General counsel have a chance to save their company money as inflation pinches by mitigating price increases before contracts renew at higher amounts, Evisort co-founder and CEO Jerry Ting said.
The tactic works best if you have a cushion of time, because if you wait until the last week before the contract expires, you lose your leverage, he said.
“If you're capturing it late … and you don't want to do the renewal, they’ll turn the system off and you’ll face a business continuity issue,” Ting told Legal Dive. “But if you find that renewal at the beginning of the quarter, when you’re doing quarterly planning, you can use your leverage to say you’re not renewing unless we get rid of this term. That puts a lot of leverage back in the hands of GCs.”
Big savings
A McKinsey analysis found that companies save an average of 9% of annual revenue by renegotiating contract pricing. That comes to about $2.5 trillion in savings for the Fortune 500.
Ting says his contract management company is working with a Fortune 100 company that’s been paying contract increases by default because it can’t go through its contracts quickly, early and cost-effectively enough because it’s still using lawyers to go through each contract manually.
“They’re just signing the renewals because they have no choice,” he said.
Many contracts have automatic annual price escalation clauses built into them, like a 2% or 5% increase each year or an inflation-adjusted increase, like CPI-plus 3%.
For general counsel, the goal is to go through all contracts so you can pick out the ones that don’t have that kind of automatic escalation.

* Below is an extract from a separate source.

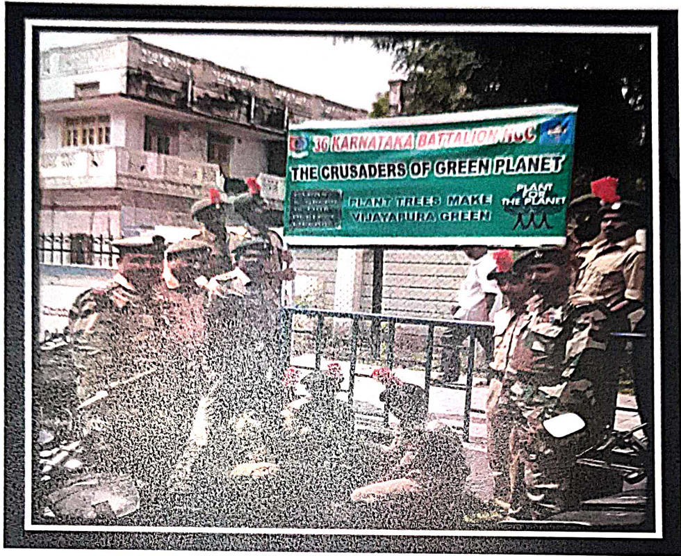
GANDHI CHOWK VIJAYAPUR

That way you can reach out to the vendor and open the renegotiation process.
Ting touted his company’s CLM software as a tool that can help by sorting contracts by the type of pricing increase and other indicators like that.
“We can pull these data points out of contracts automatically, without needing humans,” he said. “When does it expire? Is there an automatic renewal? Is there a price escalation clause or a rebate clause or an early-pay discount?”
Ting said he did this kind of work manually when he worked in a law firm. “ I was charging $400, $500 dollars an hour,” he said.
He would look through a 300-page document and summarize the key terms for stakeholders in a cover memo. “Wouldn’t that be much easier to do with technology instead of having to pay a lawyer?”
Small-scale contracts
For companies that are going through contracts manually, it’s not uncommon to limit the searches to those with the biggest dollar amounts, like anything over $100,000. For the rest, the contracts are left to renew automatically at whatever price increase because the manpower isn’t there to go through them all.
“They just assume that as a cost of doing business,” Ting said.
By taking the automated approach, he said, general counsel can go through all of their contracts, no matter how small the dollar amount, to find those that can be renegotiated.
“That's where the GC becomes strategic,” he said. “By having data analytics, GCs can impact the bottom line.”